▸ **EXTRACTED RECORDS**
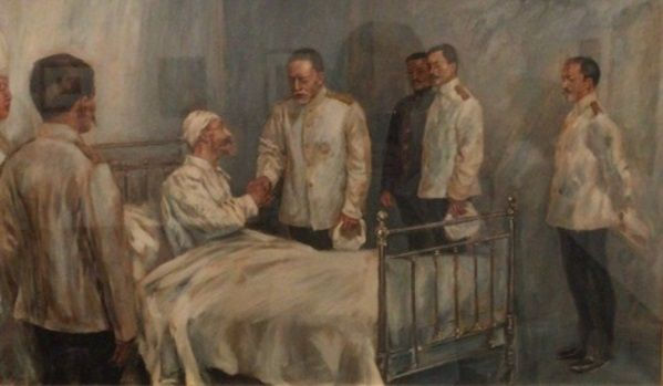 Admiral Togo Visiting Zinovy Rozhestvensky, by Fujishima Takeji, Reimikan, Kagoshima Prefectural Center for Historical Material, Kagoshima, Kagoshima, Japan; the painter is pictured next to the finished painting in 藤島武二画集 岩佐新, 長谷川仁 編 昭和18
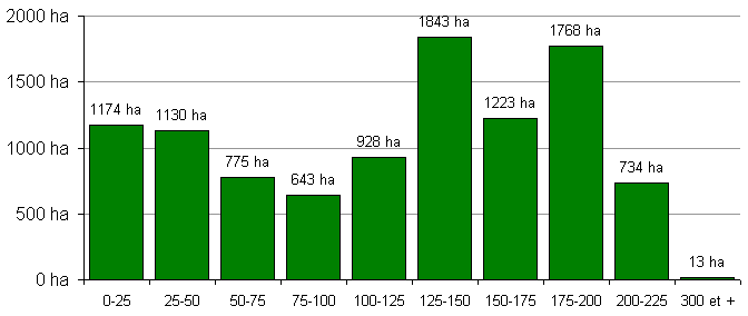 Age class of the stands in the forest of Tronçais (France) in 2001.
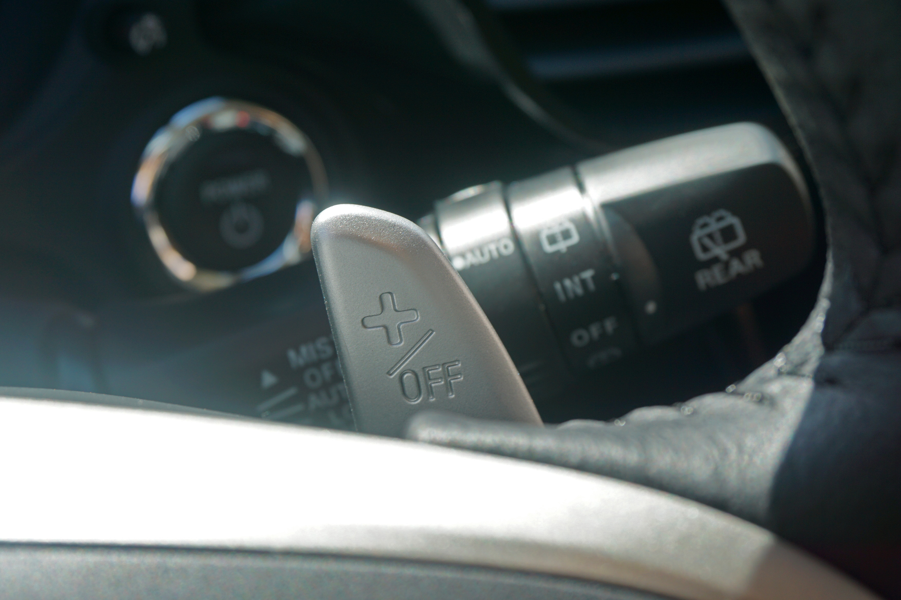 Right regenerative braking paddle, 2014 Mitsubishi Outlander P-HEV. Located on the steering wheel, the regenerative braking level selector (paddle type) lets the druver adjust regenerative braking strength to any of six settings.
--
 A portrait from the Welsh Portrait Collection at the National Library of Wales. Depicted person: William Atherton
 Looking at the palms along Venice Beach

▸ **ASSIGNMENT**
When you reach the line containing "Admiral Togo Visiting" in the entries above, begin restating word for word, and stop once the line containing "Right regenerative braking" has been given. Omit the pictures.

▸ **ANSWER SPACE**
 Admiral Togo Visiting Zinovy Rozhestvensky, by Fujishima Takeji, Reimikan, Kagoshima Prefectural Center for Historical Material, Kagoshima, Kagoshima, Japan; the painter is pictured next to the finished painting in 藤島武二画集 岩佐新, 長谷川仁 編 昭和18
 Age class of the stands in the forest of Tronçais (France) in 2001.
 Right regenerative braking paddle, 2014 Mitsubishi Outlander P-HEV. Located on the steering wheel, the regenerative braking level selector (paddle type) lets the druver adjust regenerative braking strength to any of six settings.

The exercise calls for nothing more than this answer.